Sorry, have to respond here. You have a view of "the open source
world" that seems to correspond only to the "hackers itching an itch"
view. While this view is valid, it's not the only "open source world"
even though it might be near and dear to some of our hearts.

You also bring up that we are licensed under the Apache license. I'll
therefore bring up this, which outlines the "the open source world"
that the Apache foundation and its contributors belong to:


>From the article:

"For the Apache Software Foundation, open source is more about an open
development methodology (ODM). This is characterized by six main
traits and, regardless of the strength of the technology and vision,
all Apache TLPs have to prove themselves in these key areas:

•    a deep level of user engagement: if you don't have users then
there is no point having a project.
•    transparency: being open about what the community is undertaking
and the way decisions are made.
•    collaboration: the ability of working within a diverse group of
people, something that the Internet has obviously made easier.
•    agility: once work begins and there is a serious engagement with
users, ideas and plans may need to change.
•    sustainability: having the capacity to keep developing an
application solution over the necessary period of time.
•    tools: wikis, bug- and version-trackers and email lists to
support the development of the community and keep track of
intellectual property rights

The roots of ODM at Apache date back to the original development on
the Apache HTTP server. Originally a webserver project at the National
Center for Supercomputer Applications (NCSA), the project was left in
a corner to gather dust when key developer Rob McCool left NCSA in
mid-1994. A group of eight concerned users then decided to work
together informally on developing and maintaining the project, sharing
incremental updates or ‘patches’.

For this group, transparency: making decisions and documenting them in
public, became a requisite part of maintaining the project and of
building a sustainable development community around it. To this day,
openness and transparency are central tenets at the heart of the ASF
and the development and direction of all its projects."
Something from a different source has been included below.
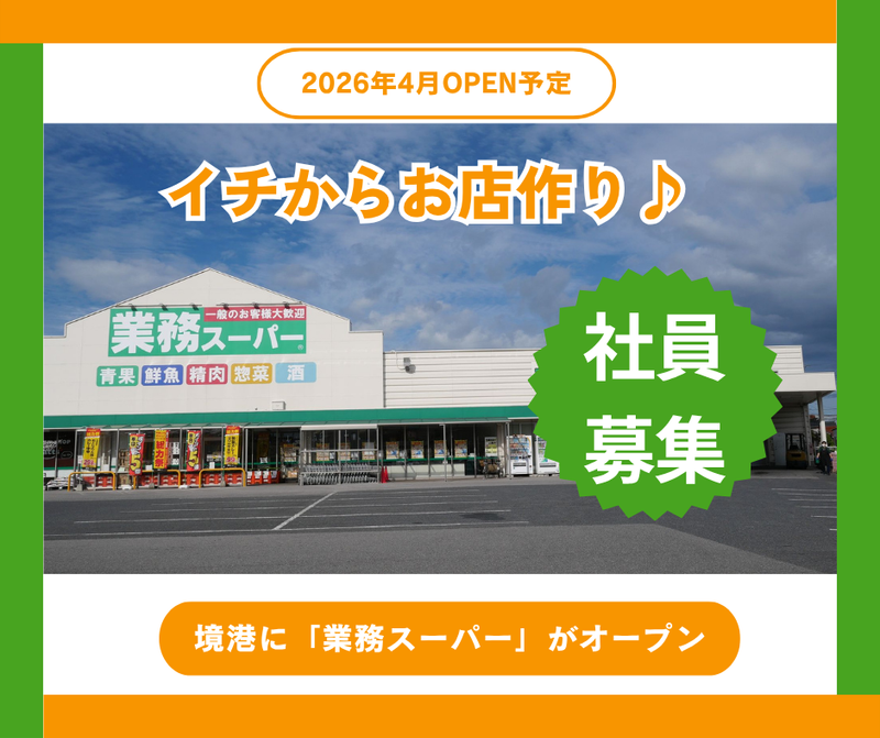 仕事内容 - 2026年4月 新規オープン予定 \ 話題の「業務スーパー」の正社員募集/ 鳥取県境港市に新規出店につき オープニングスタッフ大募集 >> 株式会社サンアイです << - ╭──────────────────╮ その経験とアイデア、 「自分の裁量」で活かしませんか? ╰──────────────────╯ ✅ 会社の看板じゃなく「あなたの力」で部門を動かす ✅ サービス残業禁止!働きやすさを大切にしたい方 ✅ 地元・鳥取で腰を据えて働きたいUIJターン歓迎 ✅ 未経験からでも、着実にステップアップできる環境 ✅ 週休2日でしっかり休める - “社員想い”の運営体制を強化中!- 株式会社サンアイでは、週休2日制を導入しています。 「しっかり休んで、しっかり働く」を大切に、スタッフのみなさんが安心して働ける環境を整えています。 また、社員・アルバイト・パートの垣根なくチームで協力し合える体制があるからこそ、 みんなが無理なく休みを取りながら、日々の仕事にしっかり向き合えています。 ╭──────────────────╮ <仕事概要> 地域へ「美味しい」を届ける ╰──────────────────╯ 株式会社サンアイは島根県安来市にて「業務スーパー」を運営しています。地域に根ざし、お客様に喜ばれる店づくりを目指しています。食料品を中心に、日々の生活に必要な商品を幅広く提供している会社です。 今回募集するのは、その中でも地域の食卓を支える業務スーパーのスタッフ。 実は、新しく境港市に「業務スーパー」をオープンする予定です! 新しいお店をイチから作り上げていく体験ができるチャンスです。 「地域のみなさんにどうやって浸透させていくか」 「お店を盛り上げるために、スタッフをどう巻き込もうか…」 「数ある業務スーパーの中で、この店舗をどんな「色」の店舗にしていくか」 大手スーパーとは違い、マニュアル通りの仕事だけではありません。自分のアイデアを活かし、仕入れから販売、売場づくりまでをお任せします。あなたの経験と知恵を最大限に発揮し、店舗全体を動かす大きなやりがいを感じられる仕事です。 ╭──────────────────╮ 具体的な業務内容 ╰──────────────────╯ レジ業務・フロア業務(商品陳列など)など 全般の業務を担当いただきます! ・レジ対応 ・果物や野菜の袋踏めや陳列 ・売り場レイアウト ・商品の品出し・売場づくり ・接客 ・パート・アルバイトスタッフの教育・管理 ・部門全体の売上や収支管理 ■店舗レイアウトや販促もあなた次第! SNSでも人気の「業務スーパー」の商品たち。ファンの方々がネット上で紹介してくれる情報も豊富にあります。 そうしたトレンドやお客さまの声をキャッチし、売場づくりやPOP作成に活かせるのもスタッフならではの楽しみ。 「どうしたらお客さまがもっとワクワクできるか?」 「どんな売場にしたら売上につながるか?」 その工夫やアイデアを、レイアウト・ディスプレイ・販促に反映してください。 店舗運営の裁量を大きく持てる環境で、 あなたの発想をどんどんカタチにしていきましょう! ╭──────────────────╮ ステップアップ設計 部門責任者として成長できる環境 ╰──────────────────╯ 入社後は、まず先輩スタッフと一緒に現場で一つひとつの業務を覚えていただきます。 レジや商品の袋詰、陳列など…当社のノウハウを丁寧に教えますのでご安心ください。 業務に慣れてきたら、少しずつ裁量をお渡ししていきます。 パートさんのシフト調整や教育、売上管理など部門全体を統括する役割を担っていただきます。 あなたの経験を存分に活かしながら、自分だけの売場、チームを作り上げてください。 もちろん、困った時はベテラン社員がしっかりサポートします。 ╭──────────────────╮ 「株式会社サンアイ」とは・・・? ╰──────────────────╯ 株式会社サンアイ(設立:1978年9月・資本金:5,000万円)は、鳥取県米子市に本社を置き、業務スーパーやホームセンター「サンアイ」として小売業を展開する地元密着の企業です。業務スーパーのフランチャイザーの展開及び青果や精肉、酒類、日用品などを幅広い取扱いの他、お弁当や惣菜の製造販売も手がけています。地域の生活を支える存在として、きめ細かい品揃えが魅力です。 <主な事業> ・業務スーパー ・ホームセンター サンアイ ・神戸物産【馳走菜】の惣菜・お弁当の製造販売 ・ドラックストアの店舗内にて、青果・精肉の販売

That last paragraph is what we're talking about in this thread. Open
and transparent communication and decision-making in a public forum.

Ewan and others have described why the process of creating blueprints,
discussing those blueprints at summits and the ML, and using those
blueprints as the basis for release goals contributes to the success
of an *open*, *transparent* project. That's all we're trying to say.

I really don't see what the big deal is about creating a blueprint and
discussing it on the ML. For you to say that it's not standard
practice in the open source world to spec something up and is not
true. You can ask anyone who contributes to an Apache project.